I tend to think of the tiles on the right side of the Start menu as the next generation of Windows 7 Gadgets. If you ever used Gadgets, you know that they were small programs that displayed useful information on their faces. Microsoft banned them before releasing Windows 8, primarily because they raised all sorts of security problems.
Windows 10 Start menu tiles don’t have the security problems. And the infrastructure that has replaced the Gadget mentality has taken Windows 10 to an entirely new level.
Switching to tablet mode and back
Get your computer going. Go ahead. I’ll wait.
You’re looking at the old-fashioned Windows desktop, right? (If you have a mouse and Windows sensed it, you’re looking at the desktop. If your machine is only touch, you may be in tablet mode already.)
Time to take a walk on the wild side. Let’s flip over to tablet mode. Way down in the lower-right corner, to the right of the date and time, click the Action/Notification Area icon. (Microsoft calls it an Action Area, but every other computer on the planet calls it a Notification area.) At the bottom, in the upper-left of the hive of shortcut icons, click Tablet Mode.
This (see Figure 1-2) is where the finger pickers live. They can tap and swipe and pinch and nudge to their heart’s content.

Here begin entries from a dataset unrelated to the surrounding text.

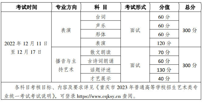 查看更多>>2022-11-01重慶市2023年表演/播音與主持藝術(shù)專業(yè)藝考統(tǒng)考考試流程/地點(diǎn)/時(shí)..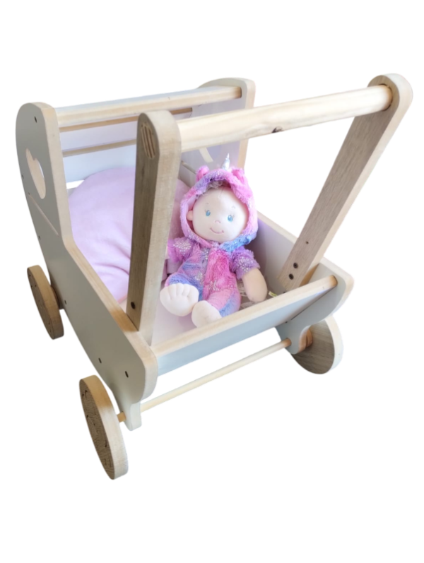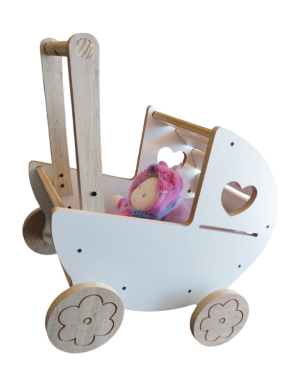 Este precioso cochecito de madera combina un diseño moderno y elegante con la calidez de los materiales naturales. Su robusta estructura en tonos blancos y madera, con detalles encantadores como las ruedas en forma de flor y el corazón troquelado, lo hacen ideal para cualquier rincón de juegos.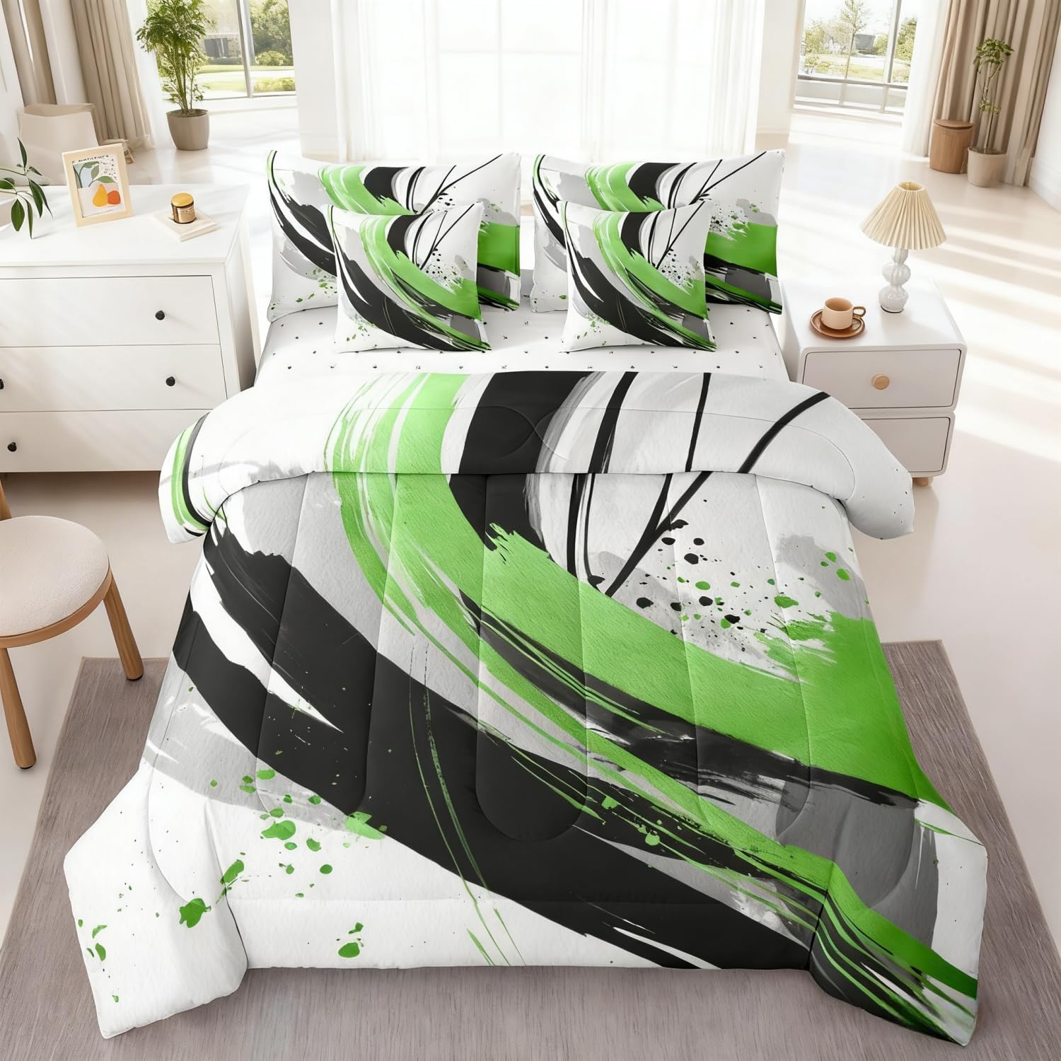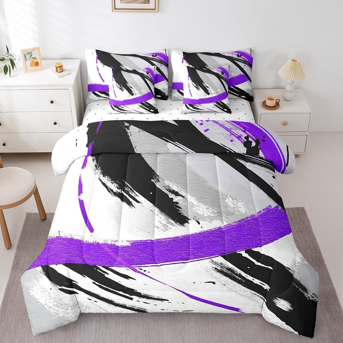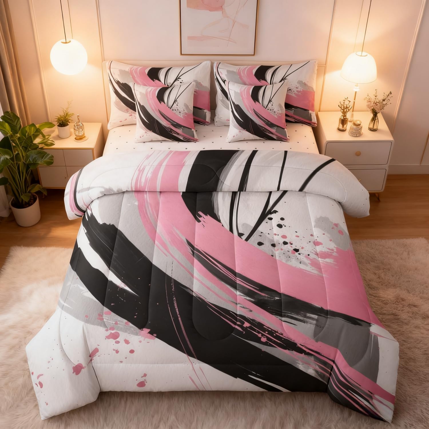 | Included Components | 1 Fitted Sheet 78"x80"x16", 1 Flat Sheet 106"x90", 2 Throw Pillow Covers 18"x18", Comforter, Pillow Cover |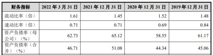 从招股书可得,2019年至2022年,八马茶业的资产负债率(合并)处于逐年攀升的状态,分别为45.06%、44.34%、51.08%、46.71%,其中母公司资产负债率更是常年处于60%上下。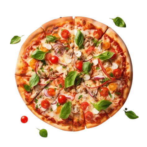A fresh and healthy pizza topped with colorful bell peppers, tomatoes, onions, mushrooms, black olives, and a generous layer of mozzarella cheese.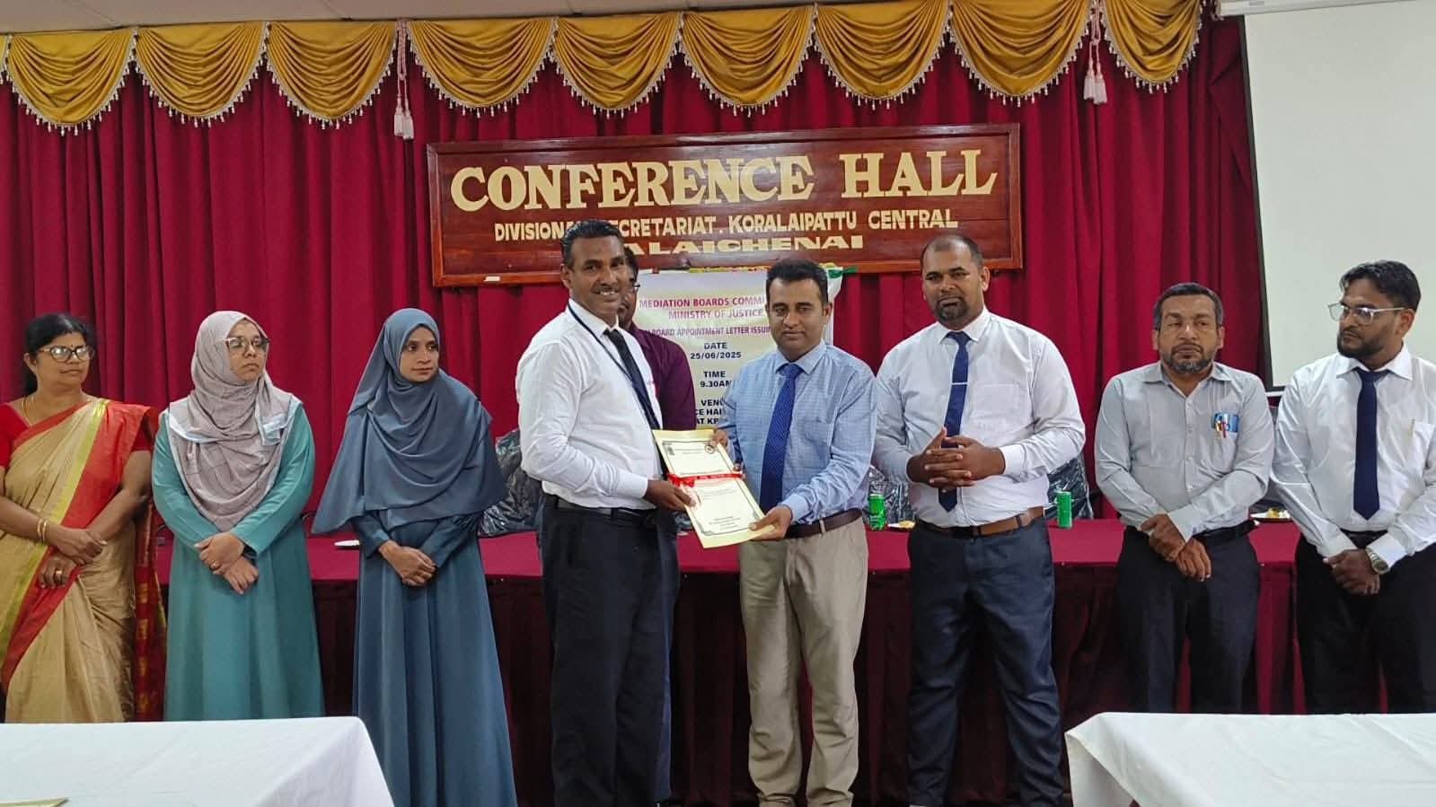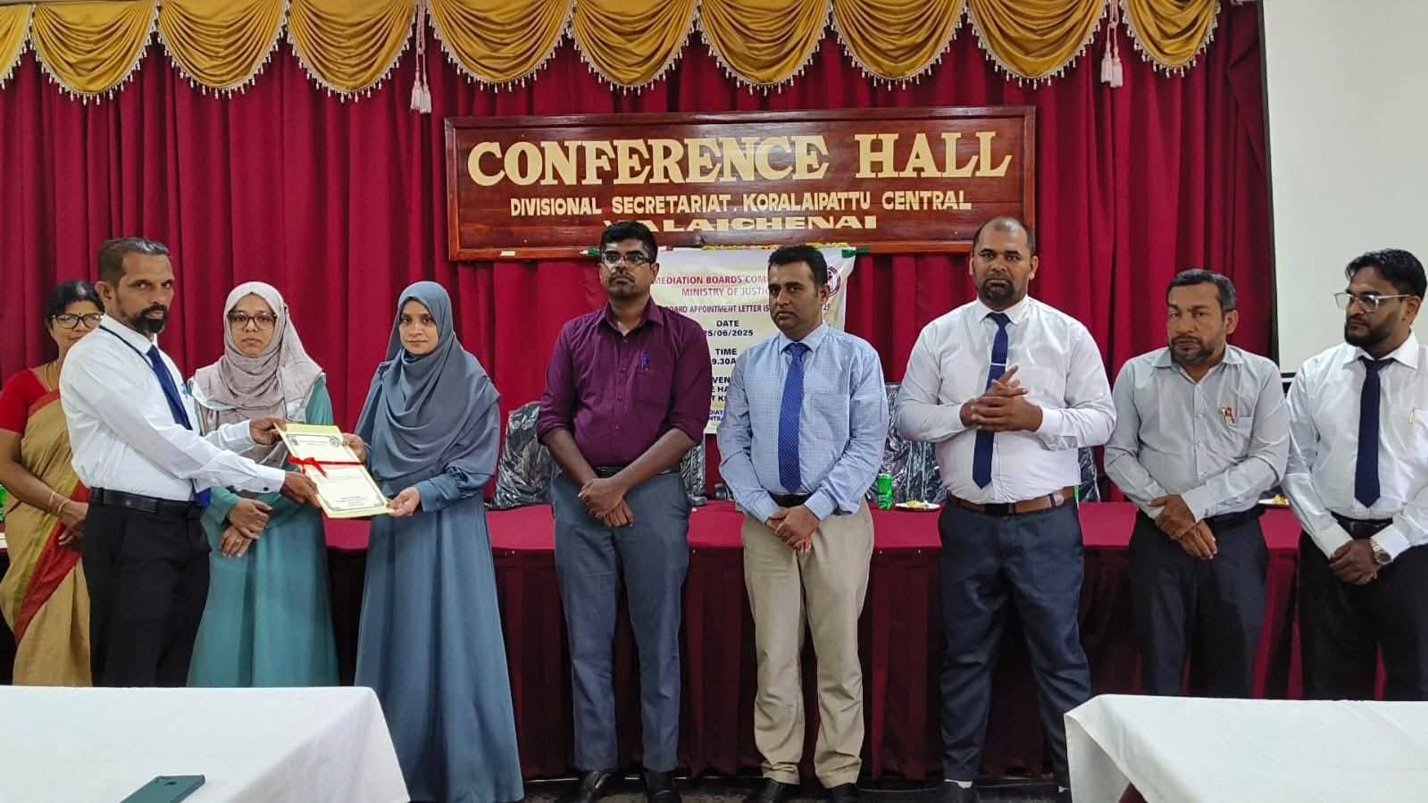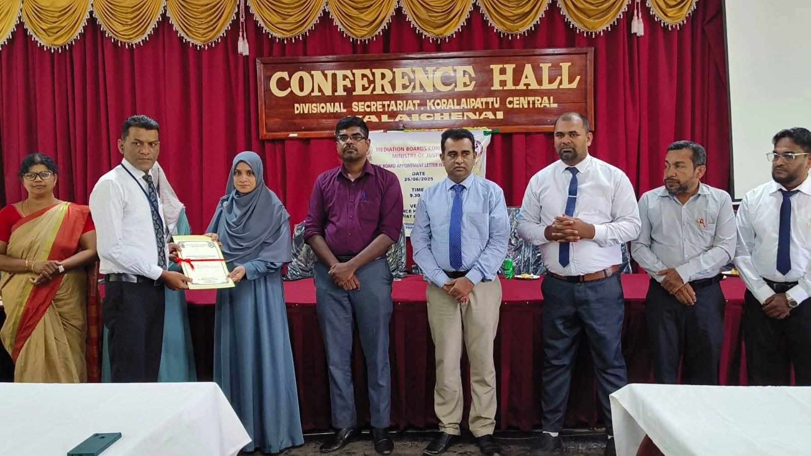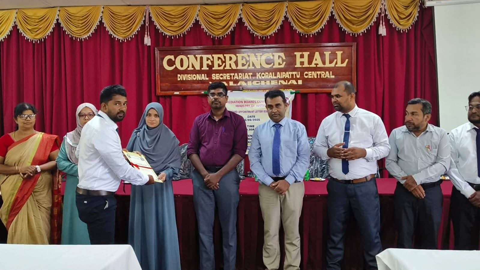 கோறளைப்பற்று மத்தி, வாழைச்சேனை பிரதேச செயலகப்பிரிவின் மத்தியஸ்த சபைக்காக புதிதாக தெரிவு செய்யப்பட்ட 21 உறுப்பினர்களுல் தவிசாளர், பிரதித்தவிசாளர் மற்றும் ஏனைய உறுப்பினர்களுக்கான நியமனக்கடிதங்கள் வழங்கும் நிகழ்வு இன்று 2025/06/25ம் திகதி புதன்கிழமை 9.30 மணிக்கு செயலகத்தின் மாநாட்டு மண்டபத்தில் இடம்பெற்றது.

FIGURE 1-2:Tablet mode, a good place for touch-first types.
Wait. Don’t panic.
To get back to normal (I call it desktop mode ), click or tap the Action/Notification Area icon in the lower-right corner, and click Tablet Mode once again. Like Dorothy tapping her heels together three times, you go back to where there’s no place like Home.
That brings you back to Figure 1-1. Which is probably where you wanted to be.
Although tablet mode is designed for people who want to use a touchscreen, not a mouse, there’s no law that says you’re stuck in one persona or the other. You can flip back and forth between regular mouse-first mode and tablet mode any time.
Navigating around the Desktop
Whether you use a mouse, a trackpad, or your finger, the desktop rules as your number-one point of entry into the beast itself.
Here’s a guided tour of your PC, which you can perform with a mouse, a finger, or even a stylus, your choice:
1 Click or tap the Start icon.You see the Start menu (refer to Figure 1-1).
2 Tap or click the tile on the right marked Mail.You may have to Add an Email Account, but sooner or later, Microsoft’s Windows 10 Mail app appears, as in Figure 1-3. FIGURE 1-3:The Mail app is indicative of the new Windows 10 apps.
3 Take a close look at the Mail app window.Like other app windows, the Mail window can be resized by moving your mouse cursor over an edge and dragging. You can move the whole window by clicking the title bar and dragging. You can minimize the window — make it float down, to the taskbar — by clicking the horizontal line in the upper-right corner. And, finally, you can close the app by clicking the X in the upper right.That may seem pretty trivial if you’re from the Windows 7 side of the reality divide. But for Windows 8/8.1 veterans, the capability to move a Metro app window around is a Real Big Deal.